Боб одним глотком допил свой кофе и поставил чашку на кассу. Он ждал, скажет ли она что-нибудь еще, и уже приподнял уголки своих губ в полуулыбке. Но Фиби не собиралась продолжать беседу.
— Попробую поверить тебе, сестренка, а теперь лучше приступлю к работе. Мне кажется, я обещал разобраться в подсобке?
Так и не дождавшись ответа, он угрюмо поплелся на задний двор, заплетаясь ногой за ногу, как будто кто-то тащил его на электрический стул. Фиби рассмеялась над его кривлянием, но как только его спина скрылась в проходе, присела на стул и погрузилась в свои мысли. Все, о чем она могла думать в этот момент, было связано с Бреттом Кроузом, с его нынешним приездом в Конуэй.
Фиби закрыла глаза и увидела его таким, каким встретила в юности. В свои двадцать Бретт был отчаянным парнем. У него единственного в городе был мотоцикл, и школе он предпочитал скорость и свободу. Только он на бешеной скорости мог пытаться поймать ветер. И только он занимал все ее воображение. При этом волнующем воспоминании у нее перехватило дыхание, а сердце сжалось.
Стоящий у вырытой могилы пастор произнес: «Аминь», — и гроб опустили в землю. Где-то неподалеку невидимая птичка тянула ноты счастливой мелодии, как будто нарочно окружая смерть песнью жизни. Голос преподобного некоторое время еще монотонно звучал, но затем затих, и Бретт поднял наполненные скорбью глаза.
Его мать не хотела, чтобы он уезжал из Конуэя на долгие двенадцать лет. Но и возвращаться было нельзя после того ужасного подозрения. Скучая по матери, Бретт посылал ей билеты до Нью-Йорка и обратно по крайней мере дважды в год, но она приезжала только однажды. Воспоминание об этом мучило его. И сейчас он очень сожалел, что Синтия Кроуз не видит возвращения своего блудного сына. Ведь только ее смерть заставила беглеца вернуться в родной город.
Бретт провел рукой под воротом рубашки и удивился, почувствовав, что шея влажна от пота. Он поднял глаза и увидел яркое солнце на безоблачном небе, которое, оказывается, припекало уже давно, с тех пор как они прибыли на кладбище. Но Бретта на протяжении всей церемонии сковывал леденящий холод.
Пастор наконец закончил поминальную молитву и осторожно закрыл Библию, призывая единственного родственника умершей к участию в обряде. Все присутствующие также выжидающе смотрели на этого красивого мужчину. Он был высок и строен, а смоляные волосы подчеркивали высокие скулы и оливковый цвет кожи. Гордая осанка говорила об уверенности в своих силах.

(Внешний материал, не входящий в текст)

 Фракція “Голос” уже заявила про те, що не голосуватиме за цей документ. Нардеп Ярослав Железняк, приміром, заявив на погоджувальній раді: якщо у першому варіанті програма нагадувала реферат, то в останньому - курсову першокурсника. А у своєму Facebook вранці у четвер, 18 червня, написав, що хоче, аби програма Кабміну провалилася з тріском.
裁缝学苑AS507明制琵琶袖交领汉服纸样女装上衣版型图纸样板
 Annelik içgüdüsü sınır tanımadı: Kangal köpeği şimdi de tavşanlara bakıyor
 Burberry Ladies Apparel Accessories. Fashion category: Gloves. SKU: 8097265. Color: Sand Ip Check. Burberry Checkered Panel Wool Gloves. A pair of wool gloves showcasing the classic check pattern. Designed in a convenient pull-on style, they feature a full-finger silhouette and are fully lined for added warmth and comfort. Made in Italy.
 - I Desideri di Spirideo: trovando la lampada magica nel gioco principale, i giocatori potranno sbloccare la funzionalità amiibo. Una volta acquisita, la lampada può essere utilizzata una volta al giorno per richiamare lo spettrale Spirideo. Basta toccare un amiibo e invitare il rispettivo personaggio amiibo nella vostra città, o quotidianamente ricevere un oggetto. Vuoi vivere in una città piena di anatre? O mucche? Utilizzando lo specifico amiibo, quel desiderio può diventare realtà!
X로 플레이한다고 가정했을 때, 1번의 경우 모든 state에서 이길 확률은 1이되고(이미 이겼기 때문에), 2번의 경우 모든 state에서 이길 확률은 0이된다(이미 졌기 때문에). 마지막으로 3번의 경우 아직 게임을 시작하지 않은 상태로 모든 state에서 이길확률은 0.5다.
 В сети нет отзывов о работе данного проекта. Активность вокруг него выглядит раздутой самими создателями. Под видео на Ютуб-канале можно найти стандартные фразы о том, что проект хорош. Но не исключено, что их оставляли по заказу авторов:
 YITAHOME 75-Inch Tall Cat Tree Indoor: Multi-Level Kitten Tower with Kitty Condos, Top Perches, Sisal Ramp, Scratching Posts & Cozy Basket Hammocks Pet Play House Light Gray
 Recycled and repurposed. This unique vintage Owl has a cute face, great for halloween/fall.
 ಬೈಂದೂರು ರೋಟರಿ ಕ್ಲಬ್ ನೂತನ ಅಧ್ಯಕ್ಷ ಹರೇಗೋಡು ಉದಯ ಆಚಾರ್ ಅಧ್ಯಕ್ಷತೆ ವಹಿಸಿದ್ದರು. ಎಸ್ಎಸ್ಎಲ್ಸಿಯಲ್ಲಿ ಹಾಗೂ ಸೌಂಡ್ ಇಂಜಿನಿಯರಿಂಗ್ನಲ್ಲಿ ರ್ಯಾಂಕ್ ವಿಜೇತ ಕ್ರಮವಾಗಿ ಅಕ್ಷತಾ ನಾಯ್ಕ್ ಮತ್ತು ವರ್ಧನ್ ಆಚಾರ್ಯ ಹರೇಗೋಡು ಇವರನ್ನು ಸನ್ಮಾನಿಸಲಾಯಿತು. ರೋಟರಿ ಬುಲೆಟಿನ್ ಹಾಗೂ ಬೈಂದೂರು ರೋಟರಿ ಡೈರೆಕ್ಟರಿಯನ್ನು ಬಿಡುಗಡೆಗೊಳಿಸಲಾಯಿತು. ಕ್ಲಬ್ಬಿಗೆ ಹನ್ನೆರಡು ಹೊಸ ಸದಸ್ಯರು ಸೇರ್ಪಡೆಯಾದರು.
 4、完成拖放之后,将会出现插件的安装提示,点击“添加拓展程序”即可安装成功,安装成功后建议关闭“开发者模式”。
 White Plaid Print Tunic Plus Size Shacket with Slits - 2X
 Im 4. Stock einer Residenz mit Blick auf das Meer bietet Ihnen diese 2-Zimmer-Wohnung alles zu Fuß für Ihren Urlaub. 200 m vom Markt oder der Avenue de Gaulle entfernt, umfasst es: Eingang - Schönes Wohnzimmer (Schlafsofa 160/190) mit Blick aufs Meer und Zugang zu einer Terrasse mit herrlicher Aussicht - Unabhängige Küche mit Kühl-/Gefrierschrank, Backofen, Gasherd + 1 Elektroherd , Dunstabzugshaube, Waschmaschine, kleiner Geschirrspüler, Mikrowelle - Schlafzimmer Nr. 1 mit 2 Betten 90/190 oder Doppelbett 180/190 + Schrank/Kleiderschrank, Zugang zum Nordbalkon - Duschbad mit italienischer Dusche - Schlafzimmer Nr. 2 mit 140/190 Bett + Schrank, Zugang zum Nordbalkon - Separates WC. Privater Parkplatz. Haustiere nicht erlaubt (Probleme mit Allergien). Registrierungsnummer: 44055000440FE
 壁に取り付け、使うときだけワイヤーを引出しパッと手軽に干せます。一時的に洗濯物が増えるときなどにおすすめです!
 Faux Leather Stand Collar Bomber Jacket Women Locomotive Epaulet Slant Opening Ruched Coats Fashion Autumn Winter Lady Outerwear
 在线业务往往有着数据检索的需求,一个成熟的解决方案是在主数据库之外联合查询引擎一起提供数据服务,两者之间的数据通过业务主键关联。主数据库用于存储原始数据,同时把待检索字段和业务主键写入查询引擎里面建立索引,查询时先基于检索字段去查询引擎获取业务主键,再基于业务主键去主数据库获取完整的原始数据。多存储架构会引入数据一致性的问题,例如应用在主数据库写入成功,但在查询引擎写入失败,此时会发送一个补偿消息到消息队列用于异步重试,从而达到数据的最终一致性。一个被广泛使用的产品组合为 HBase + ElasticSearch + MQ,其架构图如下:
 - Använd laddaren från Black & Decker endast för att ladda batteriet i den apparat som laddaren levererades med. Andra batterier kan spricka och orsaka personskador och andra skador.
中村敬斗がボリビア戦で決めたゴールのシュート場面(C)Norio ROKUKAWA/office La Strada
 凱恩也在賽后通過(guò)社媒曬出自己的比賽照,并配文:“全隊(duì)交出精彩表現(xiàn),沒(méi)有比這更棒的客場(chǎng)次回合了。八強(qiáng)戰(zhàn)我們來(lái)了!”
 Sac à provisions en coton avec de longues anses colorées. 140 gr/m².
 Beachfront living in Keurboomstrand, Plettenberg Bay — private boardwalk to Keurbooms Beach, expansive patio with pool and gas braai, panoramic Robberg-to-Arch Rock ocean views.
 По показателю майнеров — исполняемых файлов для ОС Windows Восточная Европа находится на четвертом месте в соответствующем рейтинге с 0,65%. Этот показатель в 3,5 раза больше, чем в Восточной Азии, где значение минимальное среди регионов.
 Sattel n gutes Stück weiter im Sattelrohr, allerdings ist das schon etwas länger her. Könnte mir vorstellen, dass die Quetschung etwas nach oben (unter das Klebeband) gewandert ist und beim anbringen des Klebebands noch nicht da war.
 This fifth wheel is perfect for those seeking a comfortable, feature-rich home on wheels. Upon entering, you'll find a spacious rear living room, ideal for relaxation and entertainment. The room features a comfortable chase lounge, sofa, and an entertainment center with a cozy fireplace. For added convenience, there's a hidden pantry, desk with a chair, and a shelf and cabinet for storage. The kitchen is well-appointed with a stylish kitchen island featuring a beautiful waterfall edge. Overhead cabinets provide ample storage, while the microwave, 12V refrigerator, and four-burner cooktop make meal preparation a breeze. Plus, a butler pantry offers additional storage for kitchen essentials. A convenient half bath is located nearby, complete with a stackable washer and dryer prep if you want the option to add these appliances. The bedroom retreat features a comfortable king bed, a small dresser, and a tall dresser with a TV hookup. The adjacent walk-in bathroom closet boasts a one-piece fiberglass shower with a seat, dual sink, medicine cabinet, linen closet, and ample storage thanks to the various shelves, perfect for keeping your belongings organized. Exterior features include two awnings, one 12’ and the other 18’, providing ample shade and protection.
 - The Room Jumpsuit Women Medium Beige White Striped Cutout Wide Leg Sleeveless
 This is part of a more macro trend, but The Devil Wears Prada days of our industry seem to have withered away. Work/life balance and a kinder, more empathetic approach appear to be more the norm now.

Шепча молитву, Бретт положил на могилу матери чайную розу на длинном стебле — это был ее любимый цветок. Затем рукой смахнув выступившие на глазах слезы, он мысленно поблагодарил Синтию за то, что, будучи независимой и гордой женщиной, она не побоялась родить ребенка вне супружества. Самостоятельная и сильная духом, она вырастила сына без чьей-либо помощи и передала ему свою гордость и прямоту.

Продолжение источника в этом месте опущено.